NEW YORK (CNNMoney) -- Investors have a lot to contend with this week, as U.S. economic data, earnings reports and developments out of the eurozone will make waves.
A deluge of reports on the U.S. economy will give investors a status report on the nation's economic health in the three weeks before the presidential elections.
Last month's jump in gas prices will likely play a role in several data points this week, including the value of retail sales and consumer prices in September, which are due out Monday and Tuesday.
Investors will also get a glimpse into manufacturing and industrial production, which has been struggling under pressure from a global slowdown across the sector.
The housing market, a bright spot on the otherwise slow recovery, will once again be in the spotlight, with reports on housing starts, building permits, mortgage rates and existing home sales popping up throughout the week.

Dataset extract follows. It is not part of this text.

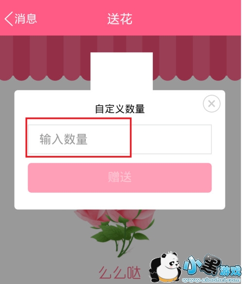 接下来,我们便需要输入送花的数量啦,经过笔者测试,一次送花数量最多为99999个,不可以超过这个数量,我想这也只能是土豪才能送得起的数量吧。

Economists believe that the nation's housing market has finally turned the corner and expect home prices to continue to rise, with some analysts predicting that we're on the brink of another housing boom. Mortgage rates are likely to remain near record lows thanks to the Federal Reserve's monthly purchase of $40 billion in mortgages for the foreseeable future.

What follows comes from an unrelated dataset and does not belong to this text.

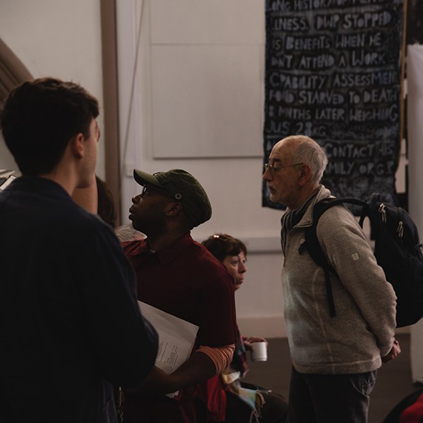 Through Final Frontier, we’re really keen to, and what I hope we did, honour and acknowledge other communities, and other forms of protest that haven’t had mass participatory scope but nonetheless have been a critical part of activism in the last 20-30 years. We also want to celebrate and engage and honour the activism of movements that are to some extent outside of our chronology, hence we had the banners by Vince Laws hung from a wonderful rope structure that allowed us to display various kinds of disability rights banners charting the history of the disability movement and some of the awful, shocking cases of exclusion that have happened over the years.

In corporate news, earnings will once again be in focus this week. Investors will get a sense of how heavily the global slowdown has weighed on business revenues and profits. Lackluster earnings could hamper this year's stock market rally.

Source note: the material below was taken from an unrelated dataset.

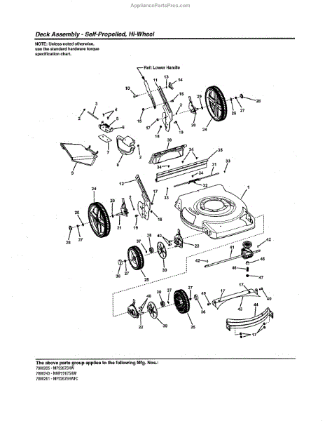 Parts for Murray 7800258: Deck - Self-Profelled, Hi Wheel Parts

Three more investment banks are expected to report earnings this week, deepening the understanding of whether lending has picked up and how strong the housing recovery has been. Results from Citigroup, Goldman Sachs and Bank of America are on tap.
JPMorgan Chase was the first to report earnings last week, and came in with record profits for the third quarter. The bank cited new mortgages and refinancings as the key driver of overall results. Mortgage lending also lifted Well Fargo's quarterly results to record levels, but revenue still fell short of analysts' estimates.
Analysts expect to see similar results from banks this week.
"Given what we saw out of Wells and JP Morgan, I'd expect banks to come in around the same," said Rex Macey, chief investment officer at Wilmington Trust Investment Advisers. "The regulators are playing such a big role in some of these institutions that it leads to greater consistency in reporting. It's a little more predictable."
A slew of tech and mobile companies are also on deck.
Investors will pay particular attention to results from Intel, Microsoft and IBM, since shipments of personal computers are on pace to fall this year for the first time since the dot-com bust of 2001.
Intel already cut its third-quarter sales forecast last month, and rival chipmaker Advanced Micro Devices followed suit last week, warning that third-quarter revenue could decline 10% from the previous quarter.
Worries about the eurozone will also come into play this week. European Union leaders will come together for the EU Council meeting on Thursday and Friday. They are expected to discuss reforms on banking, but many anticipate that there could be pressure on Spain to request a bailout in exchange for European Central Bank support.
Spain came under more pressure last week, as Standard & Poor's lowered its credit rating on the ailing nation last week, stating that "the government's room to maneuver to contain the crisis has diminished."
U.S. stocks ended the week lower. The Dow lost more than 2%, the biggest weekly decline since June 1. The S&P 500 and Nasdaq suffered similar declines.